Quando esta última ocorre, mesmo em estágios primitivos da evolução há bilhões de anos, ai surge a primeira manifestação do amor como fenômeno cósmico e biológico. Na medida em que o universo se inflaciona e se complexifica, essa conexão espontânea e amorosa tende a incrementar-se. No nivel humano, ganha força e se torna o móvel principal das ações humanas.
O amor se orienta sempre pelo outro. Significa uma aventura abraâmica, a de deixar a sua própria realidade e ir ao encontro do diferente e estabelecer uma relação de aliança, de amizade e de amor com ele.

O limite mais desastroso do paradigma ocidental tem a ver com o outro, pois o vê antes como obstáculo do que oportunidade de encontro. A estratégia foi e é esta: ou incorporá-lo, ou submete-lo ou eliminá-lo como fez com as culturas da África e da América Latina. Isso se aplica também para com a natureza. A relação não é de mútua pertença e de inclusão mas de exploração e de submetimento. Negando o outro, perde-se a chance da aliança, do diálogo e do mútuo aprendizado. Na cultura ocidental triunfou o paradigma da identidade com exclusão da diferença. Isso gerou arrogância e muita violência.

O outro goza de um privilégio: permite surgir o ethos que ama. Foi vivido pelo Jesus histórico e pelo paleocristianismo antes de se constituir em instituição com doutrinas e ritos. A ética cristã foi mais influenciada pelos mestres gregos do que pelo sermão da montanha e prática de Jesus. O paleocristianismo, ao contrário, dá absoluta centralidade ao amor ao outro que para Jesus, é idêntico ao amor a Deus. O amor é tão central que quem tem o amor tem tudo. Ele testemunha esta sagrada convicção de que Deus é amor(1 Jo 4,8), o amor vem de Deus (1 Jo 4,7) e o amor não morrerá jamais (1Cor 13,8). E esse amor incondicional e universal inclui também o inimigo (Lc 6,35). O ethos que ama se expressa na lei áurea, presente em todas as tradições da humanidade: “ame o próximo como a ti mesmo”; “não faça ao outro o que não queres que te façam a ti”. O Papa Francisco resgatou o Jesus histórico: para ele é mais importante o amor e a misericórdia do que a doutrina e a disciplina.

Para o cristianismo, Deus mesmo se fez outro pela encarnação.
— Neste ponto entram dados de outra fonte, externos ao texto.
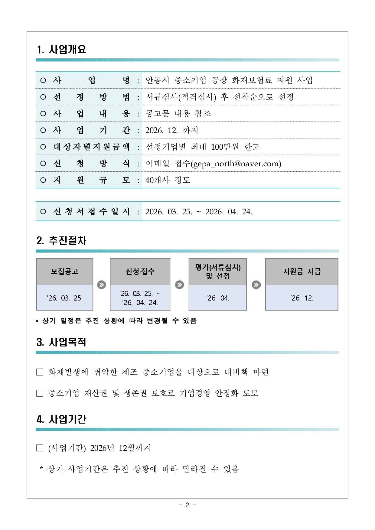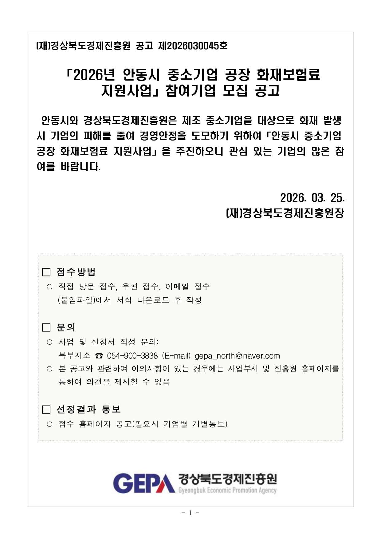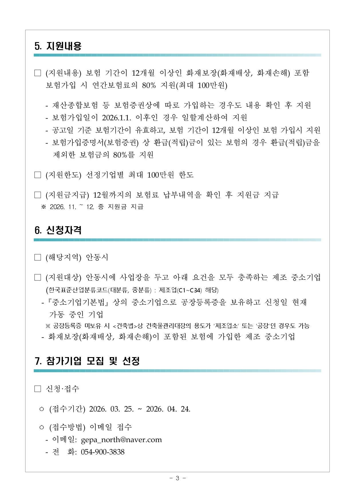 [경북] 안동시 2026년 중소기업 공장 화재보험료 지원 참여기업 모집 공고
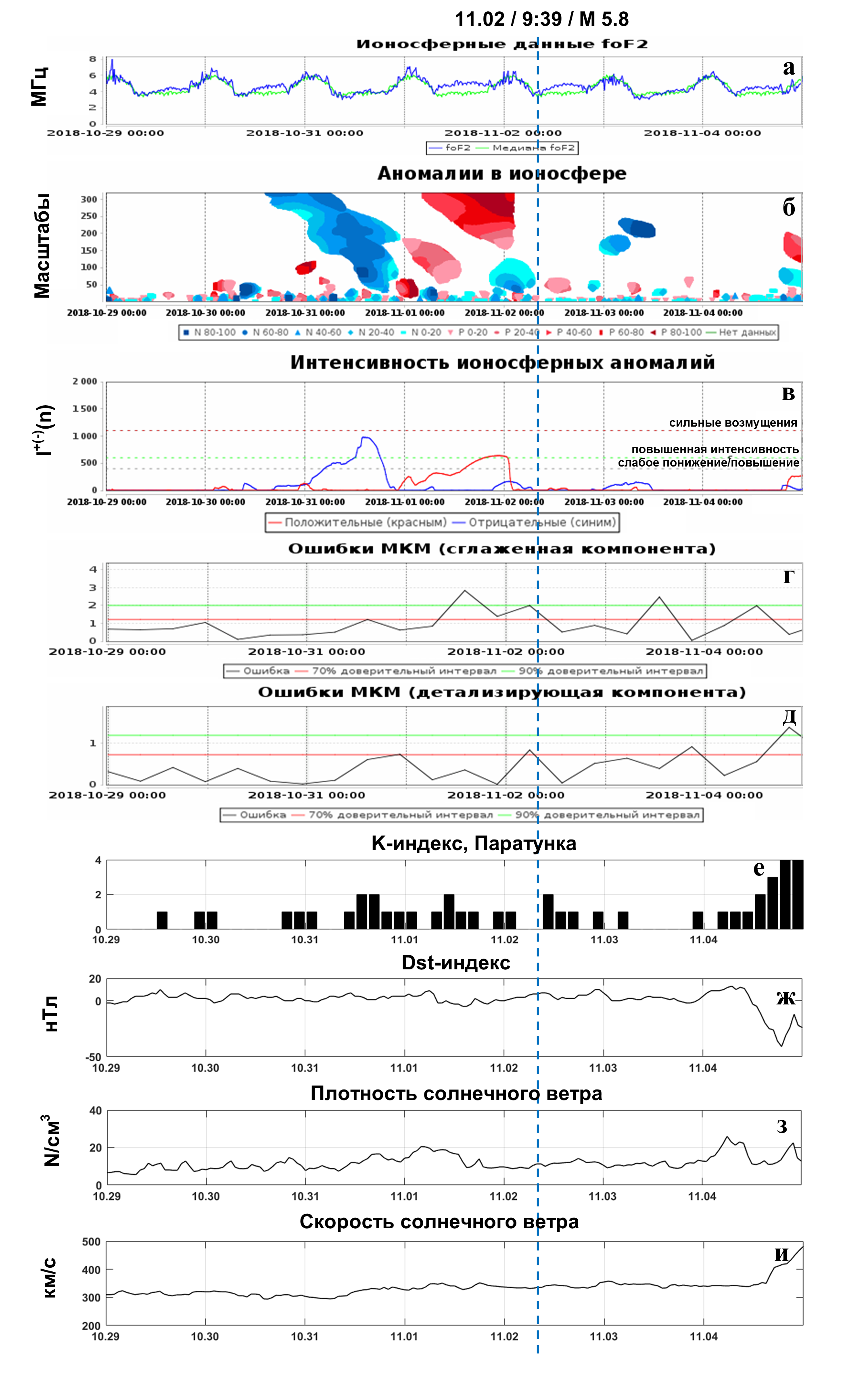 На рис. 4 представлены результаты работы системы «Аврора» по обработке данных foF2 в период сейсмического события от 2 ноября 2018 г. По данным сейсмического каталога https://sdis.emsd.ru/main.php землетрясение произошло на расстоянии 115.48 км от станции регистрации foF2 (координаты землетрясения: 51.980 N; 158.720 E) в 9:39 UTC, имело магнитуду M = 5.8 и глубину 72.4 км. В анализируемый период с 29 октября до 4 ноября геомагнитное поле было спокойным (значения К-индекса не превышают 2, рис. 4 е), скорость солнечного ветра не превышала 350 км/с (рис. 4 и), южная компонента ММП флуктуировала от Bz=±2 нТл до Bz=±4 нТл (https://ipg.geospace.ru).
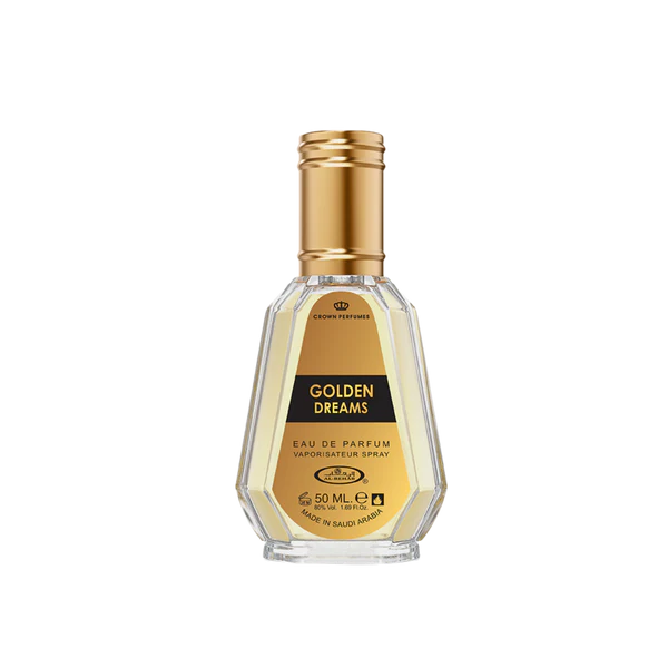 Golden Dreams by Al-Rehab exudes elegance with its luxurious blend of cardamom and saffron, opening to a heart of honey and jasmine. This perfume’s warm base of patchouli and leather creates an unforgettable, long-lasting impression.
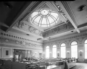 The Hibernia Bank,[2] headquartered in San Francisco, California, was founded in April 1859 as the Hibernia Savings and Loan Society.[3] In 1892, the company built a Beaux-Arts headquarters at 1 Jones Street at the corner of McAllister and Market Streets, designed by Albert Pissis. Slightly damaged in the 1906 earthquake and fire, it re-opened again just five weeks after the calamity; Pissis designed an addition to the building in 1908.

Sem passar pelo outro, sem o outro mais outro que é o faminto, o pobre, o peregrino e o nu, não se pode encontrar Deus nem alcançar a plenitude da vida (Mt 25,31-46). Essa saída de si para o outro a fim de amá-lo nele mesmo, amá-lo sem retorno, de forma incondicional, funda o ethos o mais inclusivo possível, o mais humanizador que se possa imaginar. Esse amor é um movimento só, vai ao outro, a todas as coisas e a Deus.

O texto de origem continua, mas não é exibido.